Yuan Tian, Guo Lu, and Guangtao Zhai [ArXiv]

This paper is an extended version of our work originally presented at ICCV 2023 "Non-Semantics Suppressed Mask Learning for Unsupervised Video SemanticCompression".

Main Contribution

Most video compression methods focus on human visual perception, neglecting semantic preservation. This leads to severe semantic loss during the compression, hampering downstream video analysis tasks. In this paper, we propose a Masked Video Modeling (MVM)-powered compression framework that particularly preserves video semantics, by jointly mining and compressing the semantics in a self-supervised manner. While MVM is proficient at learning generalizable semantics through the masked patch prediction task, it may also encode non-semantic information like trivial textural details, wasting bitcost and bringing semantic noises. To suppress this, we explicitly regularize the non-semantic entropy of the compressed video in the MVM token space. The proposed framework is instantiated as a simple Semantic-Mining-then-Compression (SMC) model. Furthermore, we extend SMC as an advanced SMC++ model from several aspects. First, we equip it with a masked motion prediction objective, leading to better temporal semantic learning ability. Second, we introduce a Transformer-based compression module, to improve the semantic compression efficacy. Considering that directly mining the complex redundancy among heterogeneous features in different coding stages is non-trivial, we introduce a compact blueprint semantic representation to align these features into a similar form, fully unleashing the power of the Transformer-based compression module. Extensive results demonstrate the proposed SMC and SMC++ models show remarkable superiority over previous methods.

Environment Setup

  1. Create conda env
    conda env create -f smc_env.yml
    
  2. Install VVenC 1.5.0
  • Download the binary VVenC library (For ubuntu only, if you use other Linux version, please build VVenC from the source code)
    Link: https://pan.baidu.com/s/1wm92tY27QJW4lm8d3Dxz_A?pwd=tzkf 
    Password: tzkf 
    
  • Put the VVenC folder under this project

Pre-trained SMC++ Model

  1. Download the pre-trained SMC++ model, and put it under the folder "pretrain_models/coding"
    Link: https://pan.baidu.com/s/1vk6bRpj5G3ffeg7MwIdpIA?pwd=ekuh 
    Password: ekuh 
    

Video Object Segmentation (VOS) Task

In this section, we adopt the XMEM approach as the VOS task evaluator.

  1. Download the official XMEM models, XMem.pth' and XMem-s012.pth', from the link, and save them to the folder "XMem/saves".

    Link: https://pan.baidu.com/s/1pPUunMOmRn5LoOaW6z641g?pwd=isol 
    Password: isol 
    
  2. Download our re-organized DAVIS2017 dataset, and put the file "DAVIS_raw_480.tar.gz" under the folder "XMem/dataset_space"

    Link: https://pan.baidu.com/s/1O0HD1bldq1EmXVJUPp2n8Q?pwd=r17g 
    Password: r17g  
    

    Note: For this datasete, we download the original 1080p frames, and down-sample the frames into 480p.
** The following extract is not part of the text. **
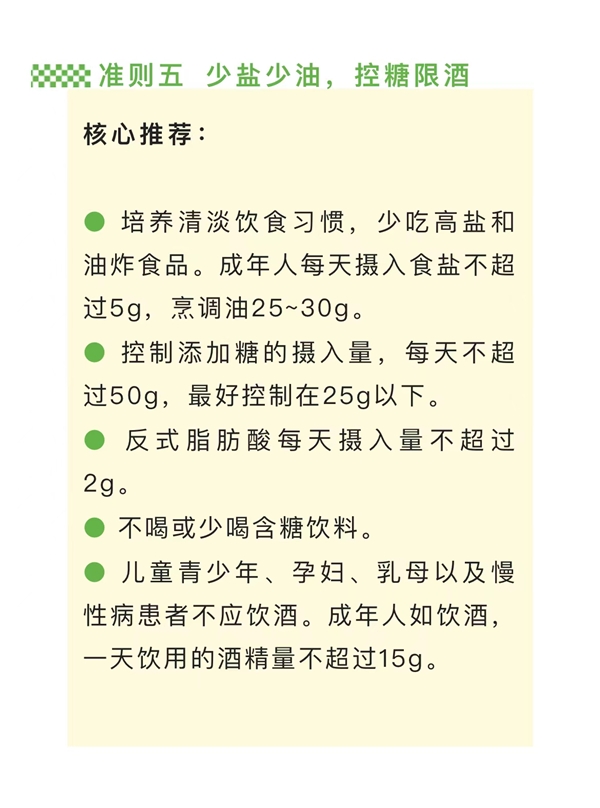 在《中国居民膳食指南(2022)》中,八大基本准则有两条都包含“不喝或少喝含糖饮料”的具体要求。其中,在“少油少盐,控糖限酒”的准则中强调应“控制添加糖的摄入量,每天不超过50g,最好控制在25g以下”,这与世界卫生组织的建议糖摄入量相一致。

Compared to the officially released 480p frames, our re-organized version is with less artifacts, thus more suitable for evaluating different compression methods.

  3. De-compress the DAVIS2017 dataset

    cd XMem/dataset_space
    tar zxvf DAVIS_raw_480.tar.gz
    
  4. Apply semantic compression to the DAVIS2017 dataset

    python VideoDatasetList/Davis2017/transcode_scripts_smcplus_GOP10.py
    
  5. Evaluate the XMEM model on the compressed DAVIS2017 dataset Chang the "davis_path " option within eval_results/eval_smcplus.py to your "...DAVIS_raw_480/trainval" path.

    cd XMem/
    python eval_results/eval_smcplus.py
    

    The evaluation result for VOS task will be saved in "val_results/logs_evalseg".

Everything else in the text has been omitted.